A gradient is a vector of partial derivatives. If that sounds intimidating, think of it this way: you have a function with multiple inputs, and the gradient tells you how much the output changes when you tweak each input slightly. It's a generalisation of the ordinary derivative you might remember from calculus.

For a function f(x, y), the gradient is:

∇f = (∂f/∂x, ∂f/∂y)

The crucial property of the gradient is that it points in the direction of steepest increase. So if we want to decrease a function (our loss), we move in the opposite direction: the negative gradient.

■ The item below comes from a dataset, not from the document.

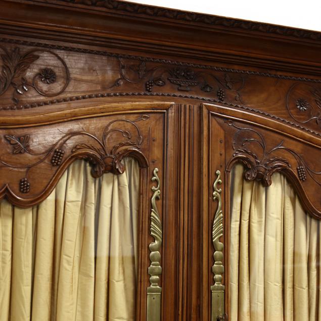 18th century, three part form, oak and mixed woods secondary, cove molded carved and stepped applied cornice, relief carved frieze with central carved urn/vine/berry motif, two hinged arched doors each with inset glass panel, relief carved surround with repeating motif and applied bold brass architectural escutcheons and hinges, double paneled sides, the base featuring a top board with molded edge above three side-by-side small drawers, each with chip carved panel, two large hinged raised panel doors featuring an asymmetrical carved foliate design, shaped and relief carved skirt with relief carved basket/vine/berry motif, paneled sides, raised on front whorl feet, straight rear feet.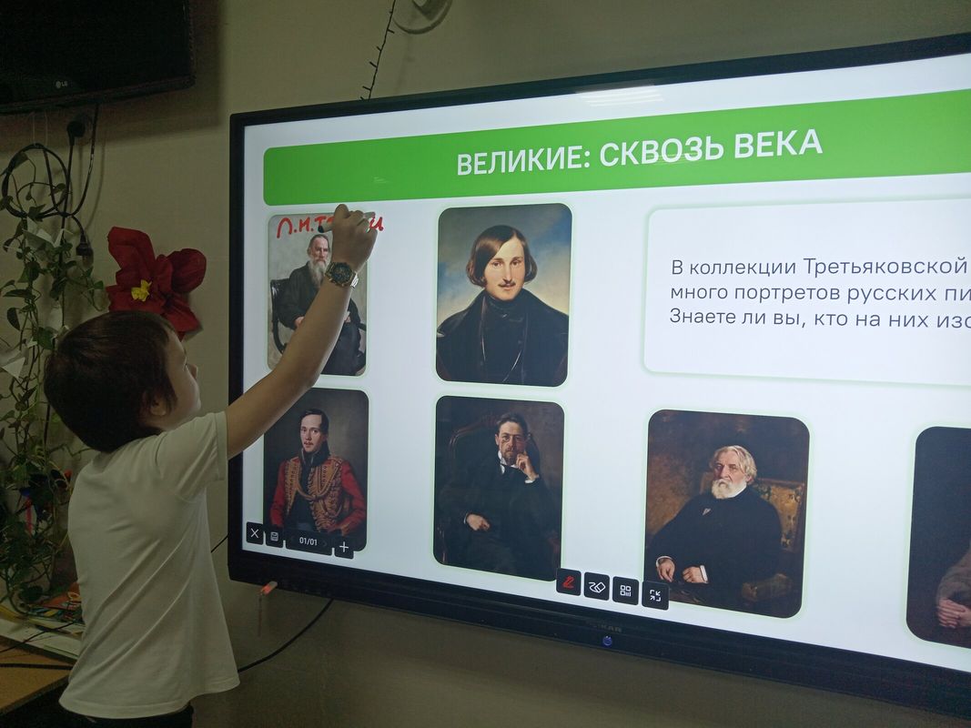 В ходе урока обучающиеся обсудили, что такое творчество и каким оно бывает; узнали о знаменитых русских писателях, композиторах и художниках; поговорили о том, как природа России вдохновляет на творчество; посмотрели интервью с продюсером Первого канала о международном конкурсе «Интервидение» и выполнили интерактивное задание. Дети с удовольствием сопоставляли музыку Чайковского и картины русских художников.

This gives us the fundamental update rule:

θ_new = θ_old - α × ∇L(θ)

Here, θ represents our model's parameters (weights and biases), α is the learning rate (how big a step we take), and ∇L(θ) is the gradient of the loss with respect to those parameters. Each iteration, we move our parameters a little bit in the direction that reduces the loss.

Implementing Basic Gradient Descent

Let's start with a concrete example. We'll find the minimum of a simple function: f(x) = x² + 5x + 6. We know from algebra that the minimum is at x = -2.5, but let's have gradient descent discover this.

Python

import numpy as np

def f(x):
    """Our function to minimize"""
    return x**2 + 5*x + 6

def gradient_f(x):
    """Derivative of f: d/dx(x² + 5x + 6) = 2x + 5"""
    return 2*x + 5

def gradient_descent(starting_point, learning_rate, num_iterations):
    x = starting_point
    history = [x]

    for i in range(num_iterations):
        grad = gradient_f(x)
        x = x - learning_rate * grad
        history.append(x)

        if i % 10 == 0:
            print(f"Iteration {i}: x = {x:.6f}, f(x) = {f(x):.6f}")

    return x, history

# Run gradient descent
minimum, history = gradient_descent(
    starting_point=10.0,
    learning_rate=0.1,
    num_iterations=50
)

print(f"\nFinal result: x = {minimum:.6f}")
print(f"Expected minimum: x = -2.5")
            

Running this code, you'll watch x rapidly converge from 10 to approximately -2.5. The gradient at x = 10 is 2(10) + 5 = 25, which is large and positive, so we move strongly in the negative direction. As we approach the minimum, the gradient shrinks, and our steps become smaller. Eventually, we settle at the bottom.

The Learning Rate Dilemma

The learning rate α is perhaps the most critical hyperparameter in all of machine learning. Too large, and you'll overshoot the minimum, bouncing around chaotically or even diverging to infinity. Too small, and training takes forever, potentially getting stuck in shallow local minima.

Python

# Demonstrating different learning rates

print("Learning rate too small (0.001):")
x, _ = gradient_descent(10.0, 0.001, 50)
print(f"After 50 iterations: x = {x:.4f}\n")

print("Learning rate good (0.1):")
x, _ = gradient_descent(10.0, 0.1, 50)
print(f"After 50 iterations: x = {x:.4f}\n")

print("Learning rate too large (1.1):")
x, _ = gradient_descent(10.0, 1.1, 50)
print(f"After 50 iterations: x = {x:.4f}")
            

With a learning rate of 0.001, progress is agonisingly slow — after 50 iterations, x has barely moved. With 0.1, convergence is rapid and stable. With 1.1, the algorithm oscillates wildly, overshooting the minimum on each step.

Practical Tip

Start with a learning rate around 0.001 to 0.01 for most problems. If training is unstable (loss jumping around), reduce it. If training is too slow (loss barely changing), increase it. Many practitioners use learning rate schedules that start high and decrease over time, getting the best of both worlds.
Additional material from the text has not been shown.